Hakai Magazine has an interesting new piece about data collection in and around the Indian Ocean, where frequent cyclones can sometimes kill thousands of people. Scientists have struggled to understand or predict the patterns of cyclones because of the limits of the oceanographic buoys. They can collect data from the surface of the water, sure, but a lot of the information they need about temperature, speed, salinity, et cetera comes from deep in the ocean.

So naturally, they enlisted the help of some turtles:

At first, Bousquet tried seabirds, like tropicbirds and puffins, but they were too lightweight for the sensors. So he turned to sturdier helpers: loggerhead and olive ridley sea turtles.

Now here is a hardy character that can wear a 250-gram tag, travels thousands of kilometers each year, and reliably comes back to its natal beach. This homing instinct makes it easier for scientists to recover the sensor's full suite of data, instead of just the summaries that the equipment can send to satellites over limited bandwidth while the turtle is out and about.

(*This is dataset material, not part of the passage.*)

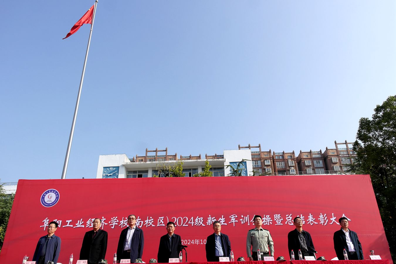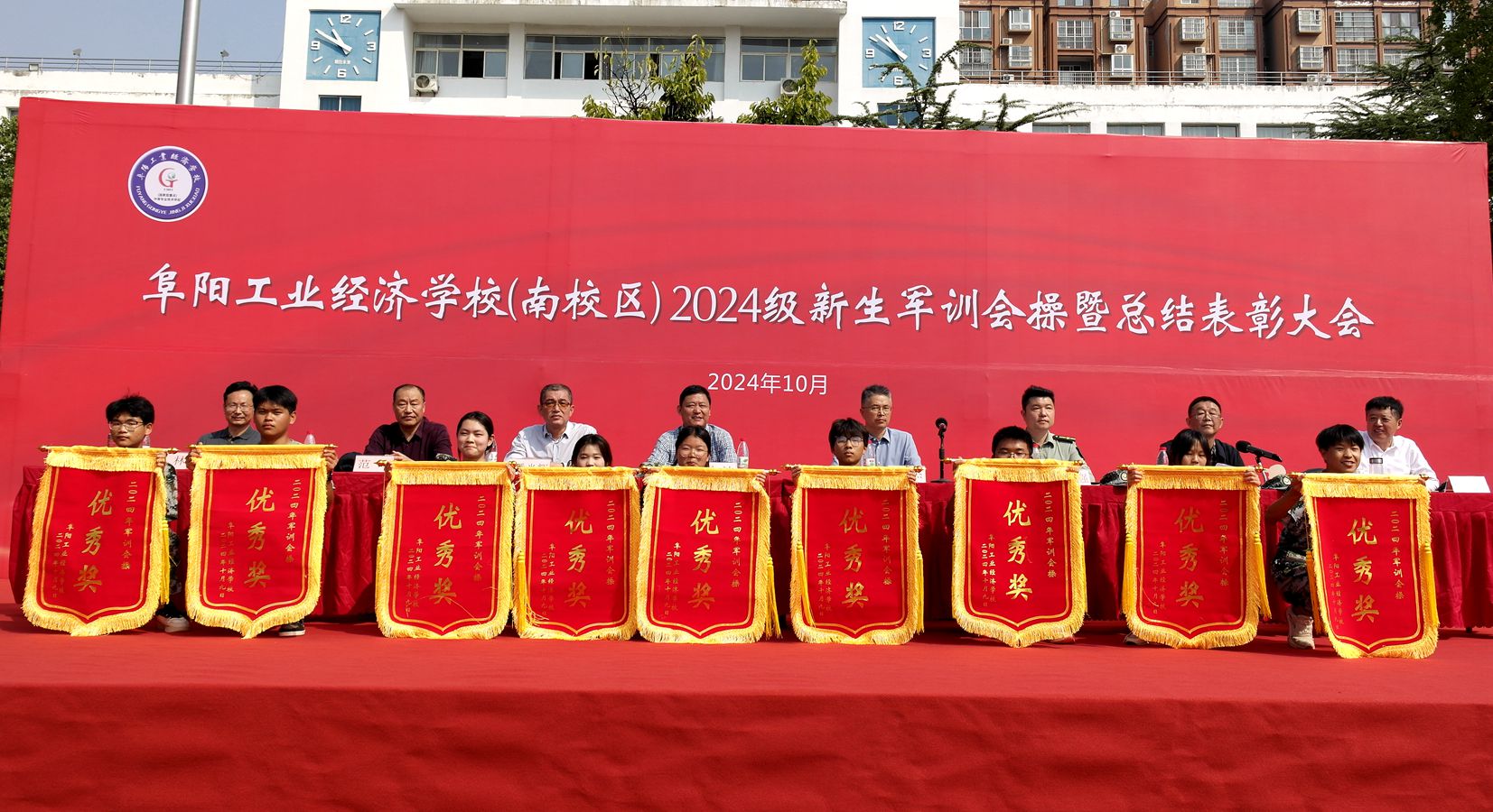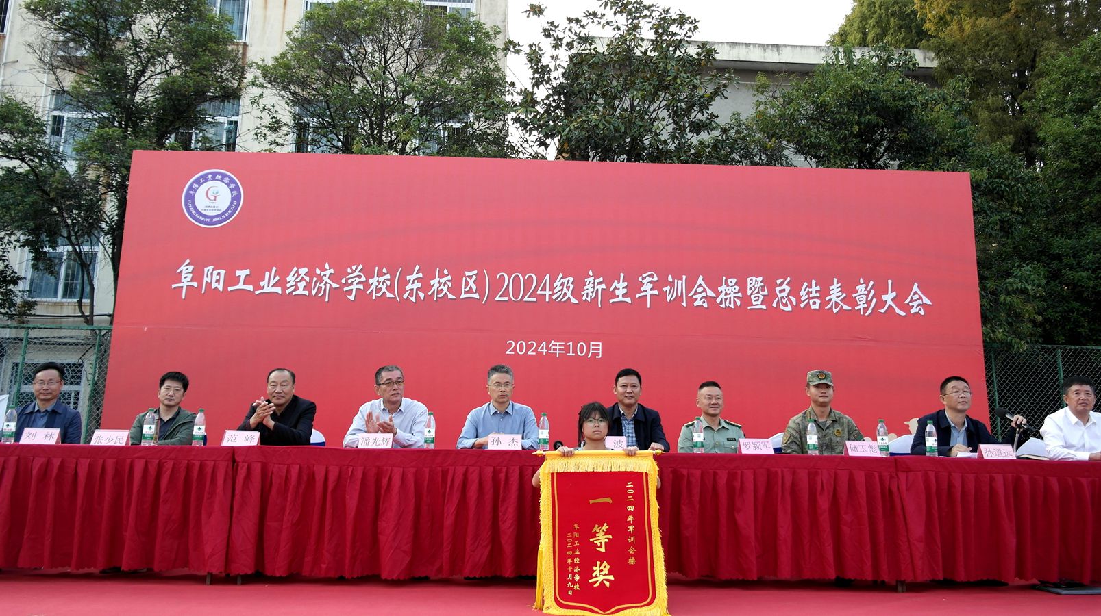 10月9日,阜阳工业经济学校2024级新生军训会操暨总结表彰大会在两校区田径场举行。校党委书记周波,副书记、校长孙杰,颍州区人武部教官、部分班子成员、2024级班主任及全体新生参加了大会。大会由党委委员、副校长孙道远主持。

Sea turtles are excellent candidates for another reason. The energy that powers a tropical cyclone comes mostly from the water. To predict if a storm will intensify, you need to know what's going on in the ocean just below the surface, from about 25 to 200 meters depth. Sea turtles spend most of their time in exactly this layer, so their intel is perfect for tropical cyclone forecasting.

How Tagged Turtles Are Boosting Tropical Cyclone Prediction [Kate Golden / Hakai Magazine]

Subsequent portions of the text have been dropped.